Requirement:
Repeat the data verbatim, images excluded.

Material provided:

============

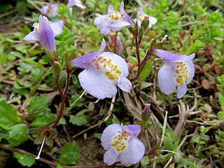 | 山行記 | ●今年の春の花は昨年と比べ遅れているという認識だったが、ネットで見るとここのナンカイイワカガミは少し前に満開状態になっているということで、本来なら24日に訪れる予定だったのが雨で中止になり、結局この日に行くことになった。 ●この日は朝から晴れの予報だったのだが、実際は雲が厚くいつ雨が降ってもおかしくないような感じだ。それでも雨は降らないと信じ、駐車場に着くと早速歩き始める。まずは来た舗装道を少し戻り、案内に従って未舗装の林道に入る。 ●この道は年々荒れてきて、大きな穴ぼこや道端の小低木の枝の張り出しで車が通れる感じではない。道は、橋を渡った所で分岐するが、ここは案内に従って右のコンクリート舗装の急な林道を登っていく。 ●道はコンクリート舗装されているが表面を覆うコケや落ち葉で滑りやすいので油断できない。道沿いにはスルガテンナンショウやイズセンリョウなどの花が目に付く。 ●コンクリート舗装の林道は、広場で終点となり、そこからはよく草の刈られた山道を登っていく。並走する川は、近年の大雨や台風などのため、倒木や土砂が堆積し荒れた感じだ。道はしだいに傾斜を増し、やがて舗装された林道に出る。 ●林道を横切ると、対岸から再び山道に入る。前年までは荒れて不安定だった入口の部分は歩きやすく整備されていた。道は徐々に急になり、急な斜面をジグザグに登るようになる。それを登り切ると稜線分岐に出るが、そこには何の標識も無い。 ●ここは風頭山を目指して左へ進む。相変わらず厚い雲が垂れ込め薄暗い道をアップダウンしながら進むと岩場に出る。以前はそこから麓の宮崎小学校が見えたのだが、今は木々が伸びてしまって見ることはできない。 ●岩場の辺りから山頂への急な登りが始まり、その辺りからナンカイイワカガミが観られるようになるのだが、既に散り果ててしまったようで咲いている花は見当たらない。昨日の雨で大部分散ってしまったようで、落ちたばかりの花が下に散らばっている。 ●さらに登り、幾つかの群生を確認してみると、上部ではまだ咲いているものも散見されたが、完全に時季を外してしまったようで、最初に予定していた24日に来ることができていたならもう少し見ることができたかもしれない。 ●この急な坂を登り切ったところが風頭山山頂だ。山頂直下の岩場からは南側の展望が開けるはずなのだが、こんな天気なのでガスっていて、自慢の展望も台無しだ。 ●風頭山からは大日山方面へ稜線を進む。風頭山から急坂を下り、以降アップダウンを繰り返しながら進む。途中、幾つも大日山山頂かと間違えるようなピークがあり、それ騙されながら進んでいくと、なんとか三角点のある大日山山頂に到着する。 ●大日山山頂は樹林に囲まれ展望は無い。大日山から少し下り、再び登り返すと「境界見出標103」があり、そこがくらがり渓谷方面への下降点になるのだが、とりあえずはそれを通り越して、すぐ先の662m高地まで行ってみる。 ●662m高地は、本宮山へと縦走する道の通過点で、そこから急な下りになる。周辺にはナンカイイワカガミの小さな群生があり、群生毎に1〜2株程咲いているものを観ることができた。 ●662m高地から先程の「境界見出標103」まで戻り、下降を開始する。薄い踏み跡や赤テープを頼りに慎重に下るが、急な上に滑りやすいので木に掴まり体を確保しながらひたすら下る。 ●急な下りがひたすら続くのかと思うのだが、幾つか急な登り返しもあり、それ以外は全て激下りということで、息を抜く暇が無い。下ること50分余り、ようやく舗装道に下り立つことができる。 ●そこからは、車を置いた駐車場までまだ3km弱歩かなければならないが、道は平坦なので余裕だ。それに加えて、道沿いに咲く花も多いのでそれらを楽しみながらのんびりと歩いていくと、意外に早く駐車場に着くことができる。 |
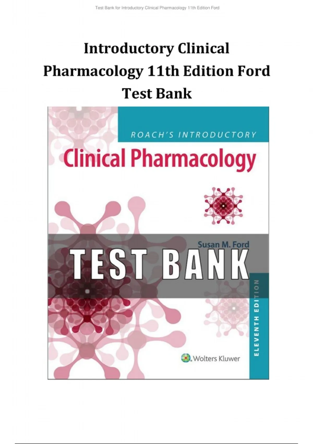 Test Bank for Introductory Clinical Pharmacology 11th Edition by Susan M. Ford
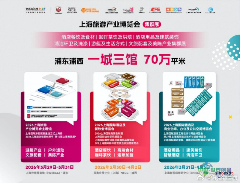 自2026年3月29日至4月3日,本届上海旅游产业博览会将以五大集群展览的模式,依次在上海世博展览馆、国家会展中心(上海)以及上海新国际博览中心三大场馆拉开帷幕。
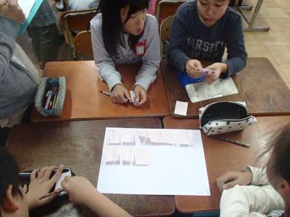 付箋を用いてグループで話し合う形も,子どもたちは新鮮そうでした。

============

Written reply:
 | 山行記 | ●今年の春の花は昨年と比べ遅れているという認識だったが、ネットで見るとここのナンカイイワカガミは少し前に満開状態になっているということで、本来なら24日に訪れる予定だったのが雨で中止になり、結局この日に行くことになった。 ●この日は朝から晴れの予報だったのだが、実際は雲が厚くいつ雨が降ってもおかしくないような感じだ。それでも雨は降らないと信じ、駐車場に着くと早速歩き始める。まずは来た舗装道を少し戻り、案内に従って未舗装の林道に入る。 ●この道は年々荒れてきて、大きな穴ぼこや道端の小低木の枝の張り出しで車が通れる感じではない。道は、橋を渡った所で分岐するが、ここは案内に従って右のコンクリート舗装の急な林道を登っていく。 ●道はコンクリート舗装されているが表面を覆うコケや落ち葉で滑りやすいので油断できない。道沿いにはスルガテンナンショウやイズセンリョウなどの花が目に付く。 ●コンクリート舗装の林道は、広場で終点となり、そこからはよく草の刈られた山道を登っていく。並走する川は、近年の大雨や台風などのため、倒木や土砂が堆積し荒れた感じだ。道はしだいに傾斜を増し、やがて舗装された林道に出る。 ●林道を横切ると、対岸から再び山道に入る。前年までは荒れて不安定だった入口の部分は歩きやすく整備されていた。道は徐々に急になり、急な斜面をジグザグに登るようになる。それを登り切ると稜線分岐に出るが、そこには何の標識も無い。 ●ここは風頭山を目指して左へ進む。相変わらず厚い雲が垂れ込め薄暗い道をアップダウンしながら進むと岩場に出る。以前はそこから麓の宮崎小学校が見えたのだが、今は木々が伸びてしまって見ることはできない。 ●岩場の辺りから山頂への急な登りが始まり、その辺りからナンカイイワカガミが観られるようになるのだが、既に散り果ててしまったようで咲いている花は見当たらない。昨日の雨で大部分散ってしまったようで、落ちたばかりの花が下に散らばっている。 ●さらに登り、幾つかの群生を確認してみると、上部ではまだ咲いているものも散見されたが、完全に時季を外してしまったようで、最初に予定していた24日に来ることができていたならもう少し見ることができたかもしれない。 ●この急な坂を登り切ったところが風頭山山頂だ。山頂直下の岩場からは南側の展望が開けるはずなのだが、こんな天気なのでガスっていて、自慢の展望も台無しだ。 ●風頭山からは大日山方面へ稜線を進む。風頭山から急坂を下り、以降アップダウンを繰り返しながら進む。途中、幾つも大日山山頂かと間違えるようなピークがあり、それ騙されながら進んでいくと、なんとか三角点のある大日山山頂に到着する。 ●大日山山頂は樹林に囲まれ展望は無い。大日山から少し下り、再び登り返すと「境界見出標103」があり、そこがくらがり渓谷方面への下降点になるのだが、とりあえずはそれを通り越して、すぐ先の662m高地まで行ってみる。 ●662m高地は、本宮山へと縦走する道の通過点で、そこから急な下りになる。周辺にはナンカイイワカガミの小さな群生があり、群生毎に1〜2株程咲いているものを観ることができた。 ●662m高地から先程の「境界見出標103」まで戻り、下降を開始する。薄い踏み跡や赤テープを頼りに慎重に下るが、急な上に滑りやすいので木に掴まり体を確保しながらひたすら下る。 ●急な下りがひたすら続くのかと思うのだが、幾つか急な登り返しもあり、それ以外は全て激下りということで、息を抜く暇が無い。下ること50分余り、ようやく舗装道に下り立つことができる。 ●そこからは、車を置いた駐車場までまだ3km弱歩かなければならないが、道は平坦なので余裕だ。それに加えて、道沿いに咲く花も多いのでそれらを楽しみながらのんびりと歩いていくと、意外に早く駐車場に着くことができる。 |
 Test Bank for Introductory Clinical Pharmacology 11th Edition by Susan M. Ford
 自2026年3月29日至4月3日,本届上海旅游产业博览会将以五大集群展览的模式,依次在上海世博展览馆、国家会展中心(上海)以及上海新国际博览中心三大场馆拉开帷幕。
 付箋を用いてグループで話し合う形も,子どもたちは新鮮そうでした。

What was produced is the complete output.